**Problem statement**. The required copy runs from the first line of the material through the line containing "15 см переворачиваемая", exactly as written and without pictures.

**Information shown**.
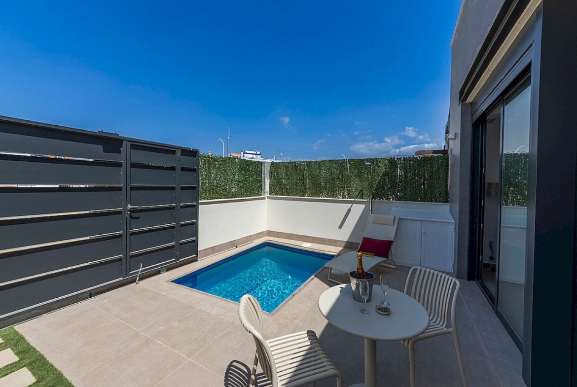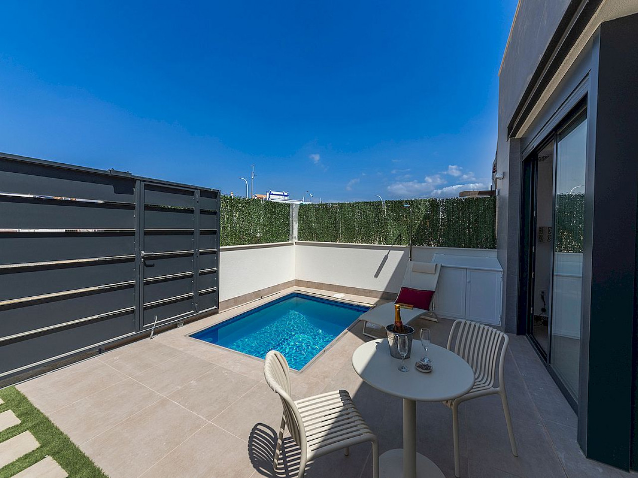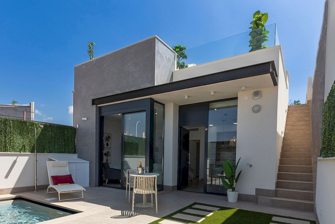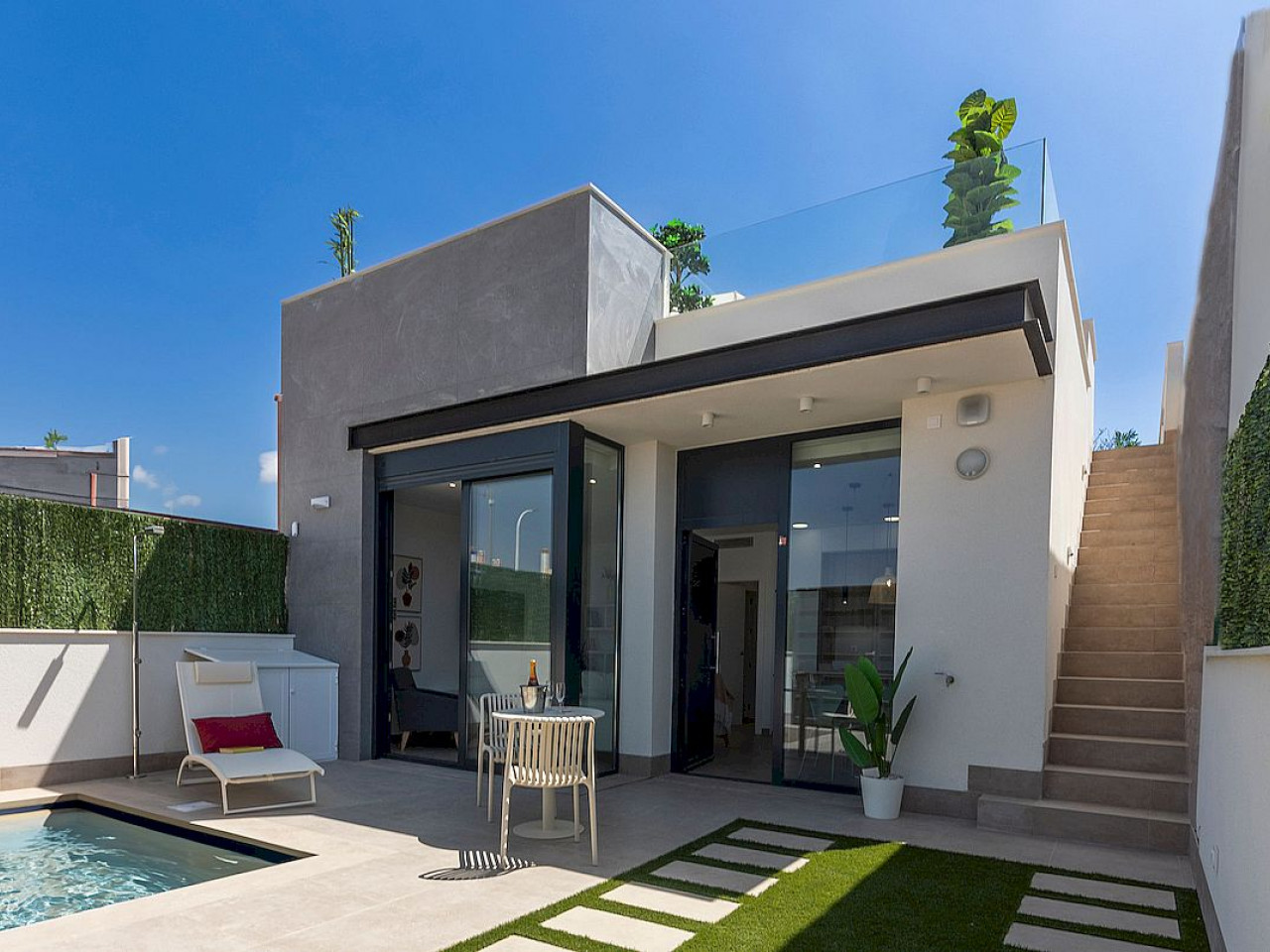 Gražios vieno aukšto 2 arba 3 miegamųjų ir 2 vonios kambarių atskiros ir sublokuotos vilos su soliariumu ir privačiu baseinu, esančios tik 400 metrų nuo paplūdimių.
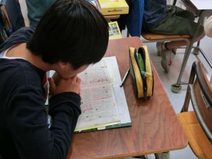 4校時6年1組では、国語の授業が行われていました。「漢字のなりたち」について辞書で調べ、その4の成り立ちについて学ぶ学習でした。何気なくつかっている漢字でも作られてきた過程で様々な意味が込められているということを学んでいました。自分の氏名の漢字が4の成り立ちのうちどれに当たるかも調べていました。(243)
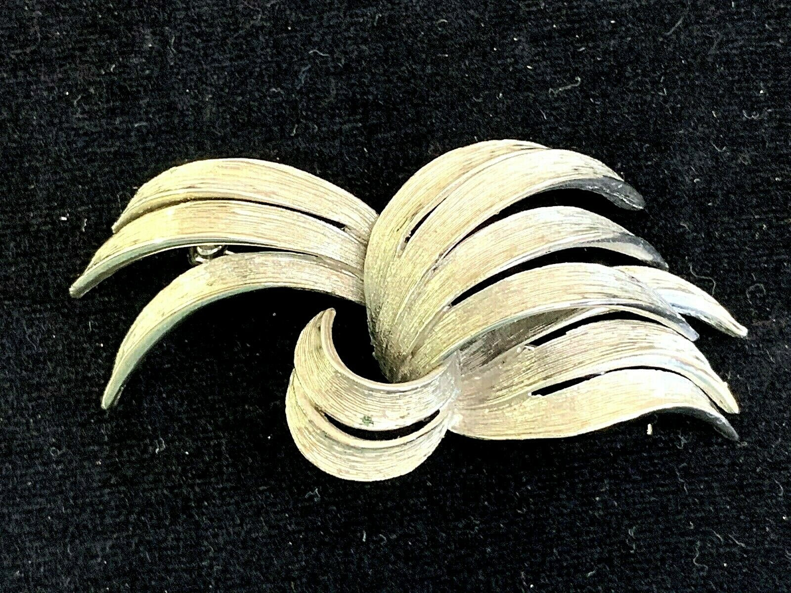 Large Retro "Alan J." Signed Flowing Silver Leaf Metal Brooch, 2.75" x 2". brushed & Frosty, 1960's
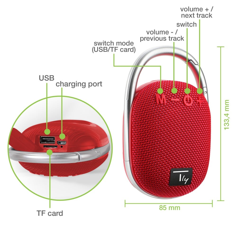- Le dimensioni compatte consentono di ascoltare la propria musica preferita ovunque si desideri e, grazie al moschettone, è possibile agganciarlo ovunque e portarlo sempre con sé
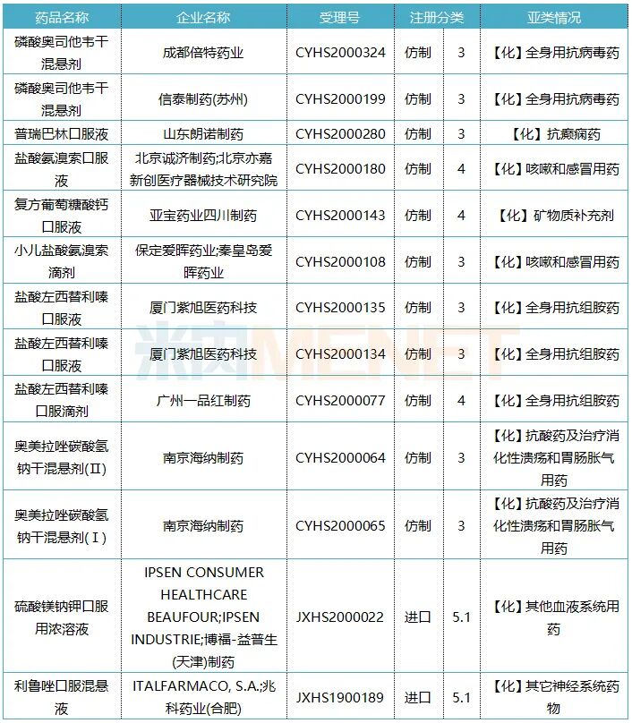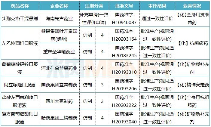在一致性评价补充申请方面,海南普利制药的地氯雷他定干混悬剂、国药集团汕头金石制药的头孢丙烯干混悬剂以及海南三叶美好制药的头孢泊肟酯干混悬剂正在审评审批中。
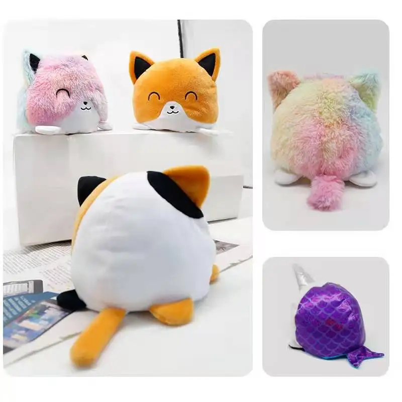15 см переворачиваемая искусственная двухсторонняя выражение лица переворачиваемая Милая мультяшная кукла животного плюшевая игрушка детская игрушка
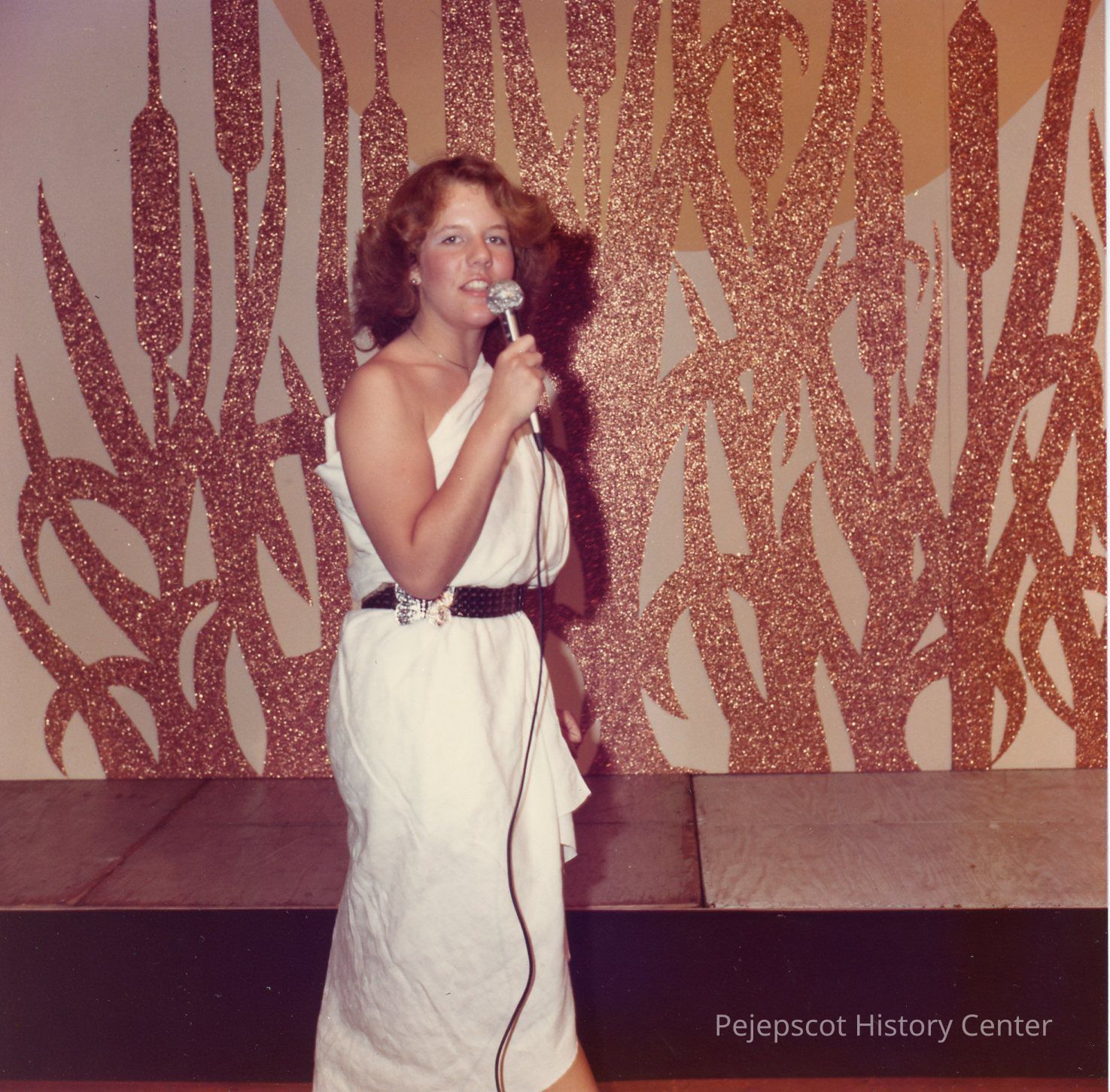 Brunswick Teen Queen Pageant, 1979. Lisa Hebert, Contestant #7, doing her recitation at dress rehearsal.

**Solution for this problem**.
 Gražios vieno aukšto 2 arba 3 miegamųjų ir 2 vonios kambarių atskiros ir sublokuotos vilos su soliariumu ir privačiu baseinu, esančios tik 400 metrų nuo paplūdimių.
 4校時6年1組では、国語の授業が行われていました。「漢字のなりたち」について辞書で調べ、その4の成り立ちについて学ぶ学習でした。何気なくつかっている漢字でも作られてきた過程で様々な意味が込められているということを学んでいました。自分の氏名の漢字が4の成り立ちのうちどれに当たるかも調べていました。(243)
 Large Retro "Alan J." Signed Flowing Silver Leaf Metal Brooch, 2.75" x 2". brushed & Frosty, 1960's
- Le dimensioni compatte consentono di ascoltare la propria musica preferita ovunque si desideri e, grazie al moschettone, è possibile agganciarlo ovunque e portarlo sempre con sé
在一致性评价补充申请方面,海南普利制药的地氯雷他定干混悬剂、国药集团汕头金石制药的头孢丙烯干混悬剂以及海南三叶美好制药的头孢泊肟酯干混悬剂正在审评审批中。
15 см переворачиваемая искусственная двухсторонняя выражение лица переворачиваемая Милая мультяшная кукла животного плюшевая игрушка детская игрушка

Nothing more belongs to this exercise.